Chapitre 70

April

Je ne comprends pas. Je ne comprends rien. Dans quel genre de lieu suis-je encore tombée ?!

Tout en lui est une menace. Chaque pas qu'il fait, chaque mouvement qu'il esquisse semble pesé, calculé. Comme s'il savait exactement quel impact il avait sur ceux qui l'entourent. Comme s'il savourait leur terreur.

Je croyais avoir connu la peur. Je croyais que Malcolm était le pire monstre que je croiserais dans ce monde inconnu. Mais lui... Cet homme me glace le sang. C'est une présence opaque, écrasante, qui empoisonne l'air autour de lui. Quelque chose dans sa façon de se mouvoir, dans l'autorité tranquille avec laquelle il manie sa canne, dans son regard qui dissèque les âmes, me donne envie de fuir sans jamais me retourner.

Personne ne parle. Personne ne bronche. Même Malcolm baisse les yeux. Et ça... ça, c'est pire que tout. Il ne crie pas. Il n'a pas besoin de hausser la voix pour imposer sa loi. Il négocie avec la peur, en fait son alliée.

J'observe la pièce, cherchant un signe, un indice, quelqu'un qui oserait respirer un peu trop fort. Mais non. Ils sont tous figés. Comme moi.

C'est une dictature. Une dictature familiale. C'est aberrant. Comment des êtres humains peuvent-ils accepter un tel règne de terreur ?! Et pourtant... ils obéissent. Tous. Même ceux qui, comme Malcolm, ont l'air d'être des prédateurs. Même ceux qui semblent habitués au sang, aux armes, à la violence. Face à lui, ils ne sont rien.

Un frisson me parcourt l'échine. Et quand je l'entends prononcer ces mots, mon cœur se serre si fort que j'en ai le souffle coupé.

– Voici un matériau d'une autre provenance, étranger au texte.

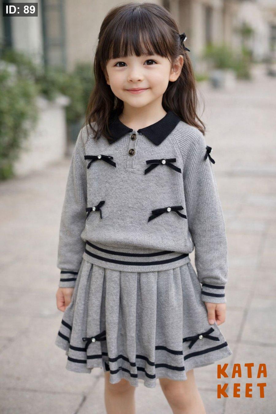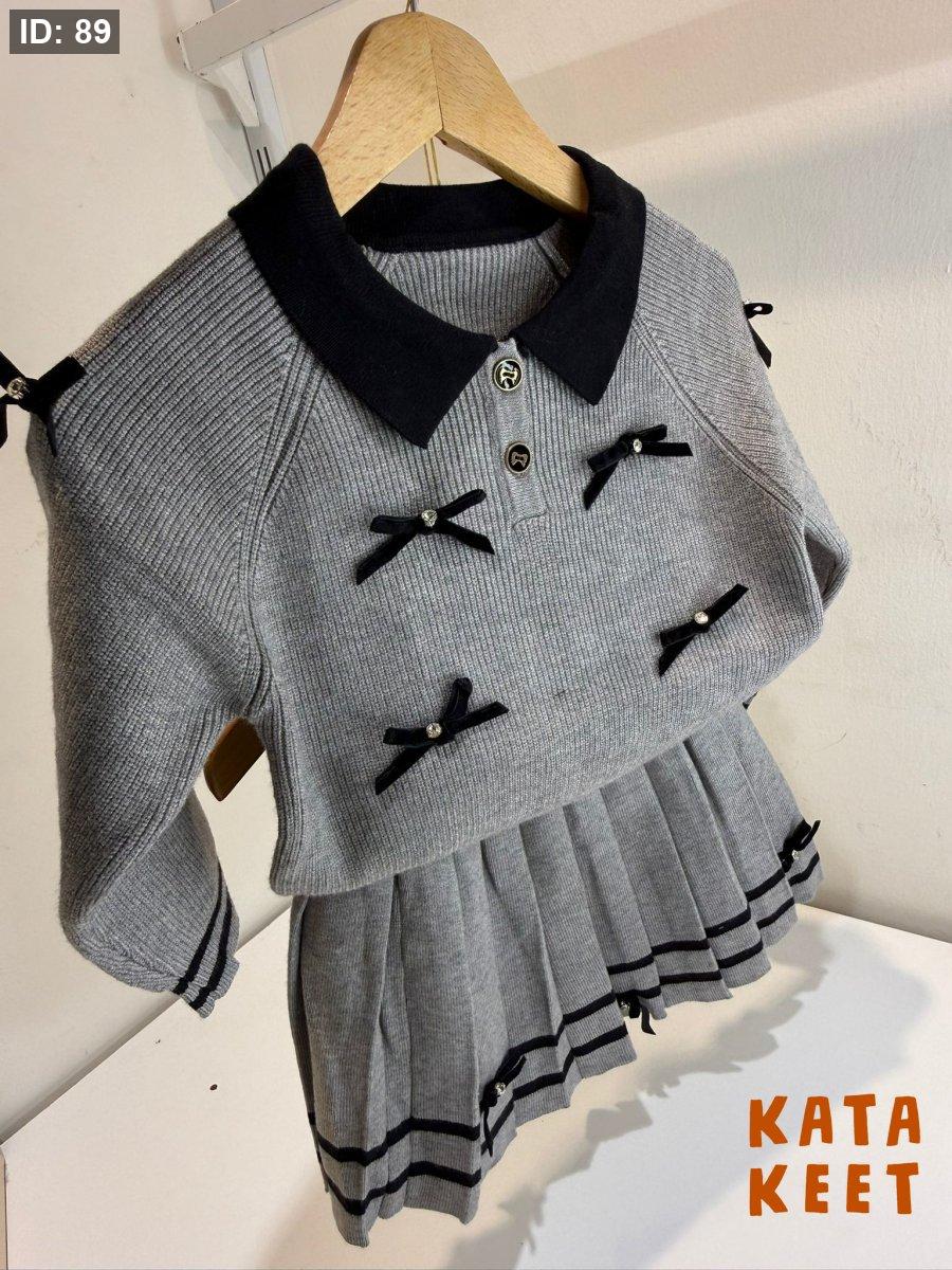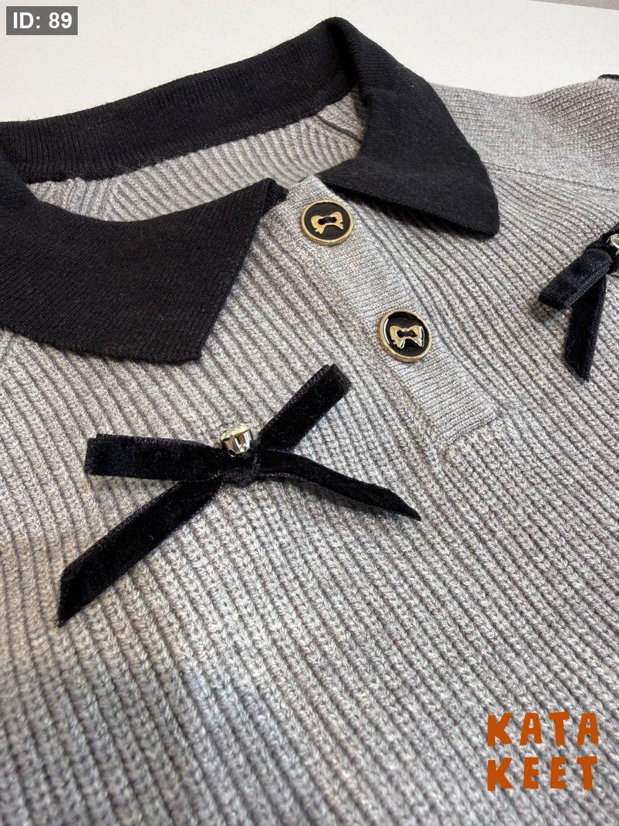 بلوزه رماديه مع قبه لون اسود مع تصميم ببيونات بلون اسود
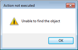 If the correct password is entered, but Geo SCADA Expert cannot locate the database item, a dialog box is displayed. The dialog box contains the message "Unable to find the object". The title of the dialog box is "Action not executed".
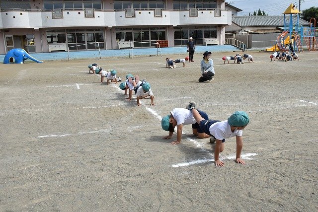 運動会の予行練習を行いました。 全園児で行い、ほかの学年の競技も見られました。 当日は練習の成果を発揮してくれるでしょう! たくさんの拍手とお褒めの言葉をお願いします。コドモンにも後日写真掲載します。
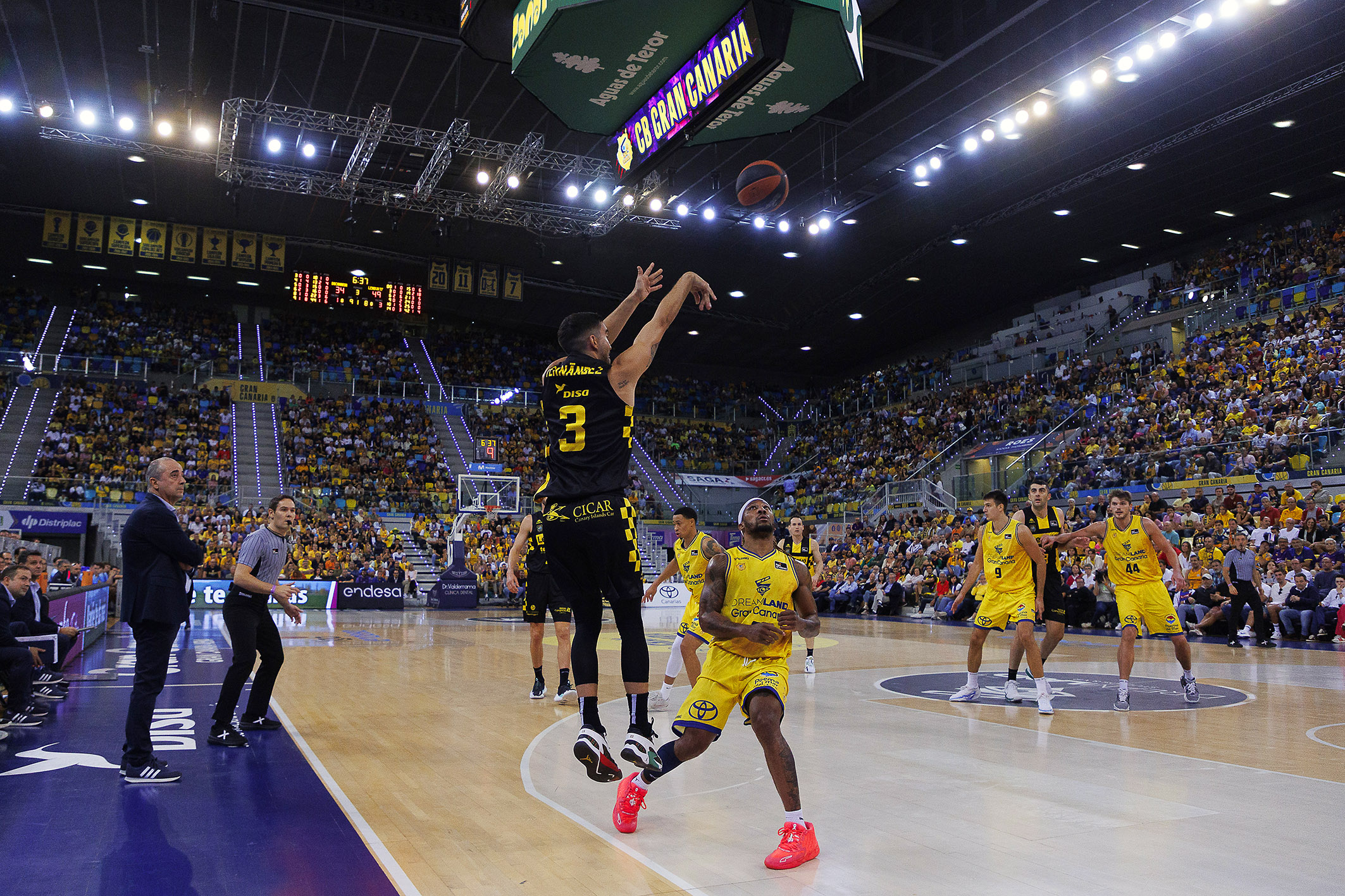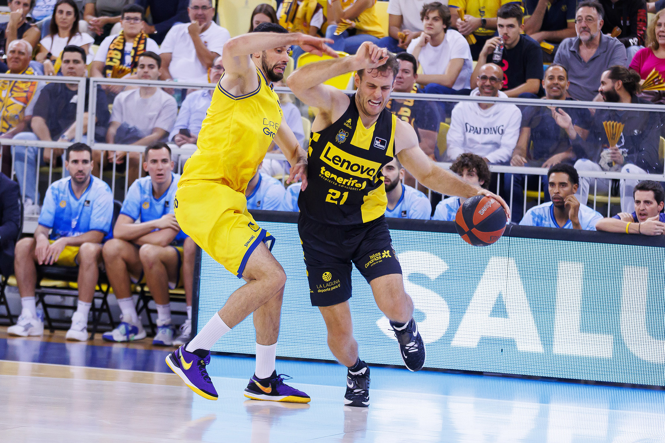 El conjunto tinerfeño sujetaba bien a los principales referentes anotadores del Granca y llevaba además el reto a su territorio, al son de Marcelinho Huertas (cinco asistencias al descanso) y de un Gio infalible en las continuaciones (16 puntos sin fallo al intermedio).
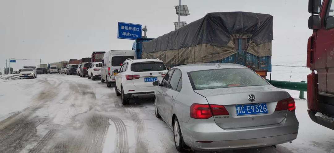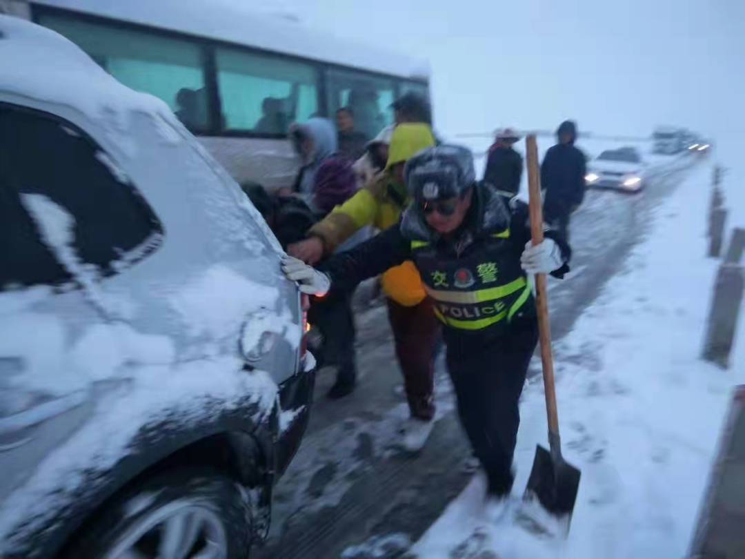 2019年10月5日下午,团团乌云密布在峨堡上空,多年的经验告诉宋维胜,估计有的忙了。带上铁锨、锥桶,穿上棉衣棉裤,宋维胜和同事们径直赶往海拔3767米的景阳岭垭口——情况比想象的还要严重,这是一段海拔较高、落差较大的山口,当时已经开始积雪结冰,双向上行的车辆都遭遇打滑,无法前行。很快,车队就堵得看不到头,车流一动不动。没走多久,警车也被堵住了,没办法,宋维胜和同事们只能弃车,徒步前行。走了快一个小时,终于赶到垭口所在的关键堵点。

Ta purge commence dès demain, cher neveu.

Cher neveu.

Je retiens un hoquet de stupeur. Non. Non... c'est impossible. Cet homme. Ce monstre. Cet être qui semble fait de fer et de cendres... Il est l'oncle de mon bourreau ?!

Une nausée violente me soulève l'estomac. Comme un engrenage rouillé qui se remet à tourner, tout fait soudain sens. Le regard noir du brun aux yeux d'acier. Son impitoyable violence. Sa façon d'aimer la peur autant qu'il la déteste. Il a grandi sous cette ombre. Sous cet homme.

Je pensais déjà le connaître... Mais ce n'était que la surface. Je n'ai vu que la pointe d'un monstre bien plus grand. Et je ne suis pas prête pour ce qu'il y a en dessous.

Quand bien même j'ai toujours eu une certitude...

Il y a une lumière, même dans les âmes les plus obscures. Il suffit d'un regard sincère, d'un cœur prêt à comprendre, pour en percevoir l'éclat. Personne n'est voué aux ténèbres... Certains attendent juste qu'on leur tende la main.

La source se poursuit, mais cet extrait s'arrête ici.